* _Exercise prompt_:
Leave out pictures; repeat exactly the lines from the "Filter strip with" line through the last of the data below.
********
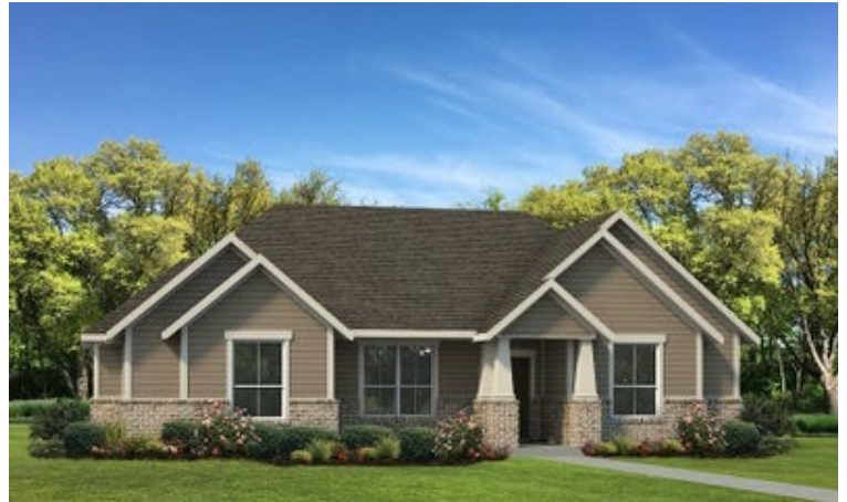
Elevation D - The Refugio
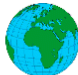
No Region Currently
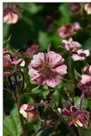
Tempo Rose Avens flowers
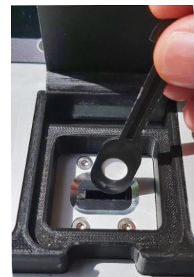
Filter strip with sample water is analysed within just a few seconds
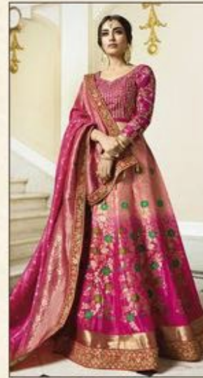
D. NO. : 13167
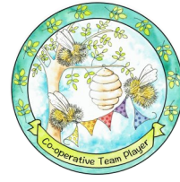
The Busy Bees
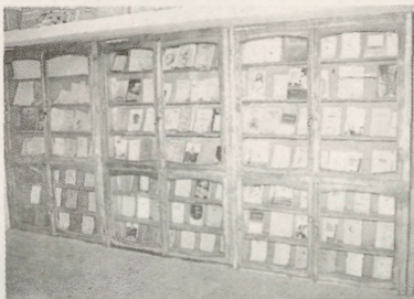
Picture of Reference Library

The "Mandal" is continuously making research and survey relating to Industrial Relations. It holds joint Seminars of the Representatives of Workers, Management and the Government. It conducts
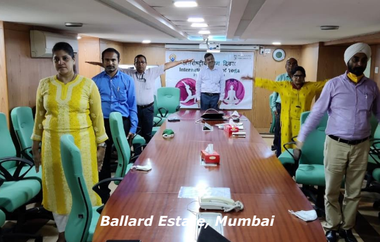
Ballard Estate, Mumbai
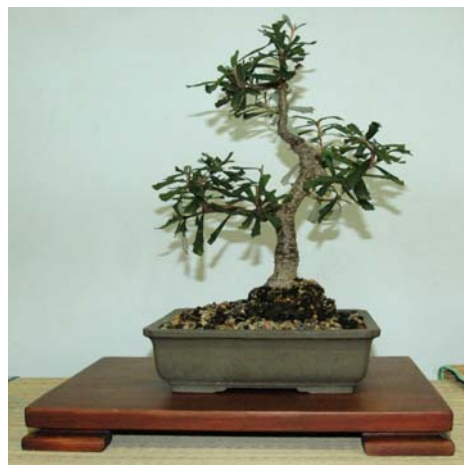
Neville's Banksia integrifolia bonsai
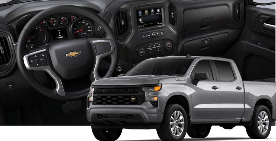
2023 Chevrolet Silverado 1500 Work Truck shown.
********
* _The answer_:
Filter strip with sample water is analysed within just a few seconds
D. NO. : 13167
The Busy Bees
Picture of Reference Library

The "Mandal" is continuously making research and survey relating to Industrial Relations. It holds joint Seminars of the Representatives of Workers, Management and the Government. It conducts
Ballard Estate, Mumbai
Neville's Banksia integrifolia bonsai
2023 Chevrolet Silverado 1500 Work Truck shown.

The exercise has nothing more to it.